Anderson Center for Autism Drives Storage Costs Down to 70¢/GB Using the NEC HYDRAstor

One of DCIG’s objectives in blogging is to document over time how companies are using different vendors’ products, the ways in which they are using the product, successes they are having and specific challenges that they are beginning to face. Greg Paulk, the IT Director for the Anderson Center for Autism, represents the first individual that DCIG has had the opportunity to do this with.

I first met Mr. Paulk at the Fall 2007 Storage Decisions conference in New York City and interviewed him shortly thereafter for a blog entry that appeared back in October 2007. However six months have passed since that interview so I followed up with Mr. Paulk to get an update on how his installation of the NEC HYDRAstor was performing, since Paulk was still using a beta version of the NEC HYDRAstor software when we last spoke.

Paulk revealed that he is now in full production with the production code loaded on the NEC HYDRAstor. However he is still using the same hardware configuration (two Accelerator Nodes and four Storage Nodes) that he started out using due to the high deduplication ratio that he is achieving with the HYDRAstor.

Last fall he was achieving a 17:1 deduplication ratio and hoped to eventually achieve a 35:1 ratio. Six months later, his deduplication ratio is now approximately 39:1 which has mitigated his need to buy additional capacity and has driven his cost/GB down to approximately 70¢/GB. “It’s like getting 390 TB for the price of 10 TBs,” says Paulk.

He also has not found it necessary to add more Accelerator Nodes into his HYDRAstor configuration. Though he has nearly doubled the number of servers he is backing up on a nightly basis (from 13 to 21 servers), he is achieving about 3 Gbps of throughput across his two Accelerator Nodes.
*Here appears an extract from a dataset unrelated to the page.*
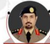
مدير الدفاع المدني في القطيف العقيد عيد سالم القحطاني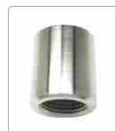
BP 15 (HPC-Sleeve No. 2)

I then asked him, “What are the biggest benefits that you have experienced since you started using the HYDRAstor?” There were four benefits he cited:

  • First, it worked as advertised. The installation was easy (it took 68 minutes), and it has done everything he has needed it to do.
  • Second, it requires very little management overhead. He has one individual assigned to manage the HYDRAstor and, since it functions as one logical configuration, it takes very little time to manage.
  • Third, no backups have failed since he introduced the HYDRAstor, and it works 90% faster than when he was using tape.
  • Fourth, he has found it has reduced his stress level. Aside from alleviating his backup concerns, the HYDRAstor provides him a solid foundation that he can use to build for the future. He no longer has the traditional worries of how he will manage, upgrade or migrate data to new storage systems, because the HYDRAstor accounts for all of these concerns with its grid storage architecture.

In the next few months, Paulk plans to archive about one million documents to the HYDRAstor, which will consume about another 1.4 TBs of storage. What he is curious to discover is how they will impact his deduplication ratio. These one million documents are currently paper documents that need to be scanned so he wonders how they will impact the level of deduplication that he is seeing with his backup data once they are stored on the HYDRAstor. My plan is to catch up and speak with Mr. Paulk again this fall so DCIG can share some more of his story and experiences at that time.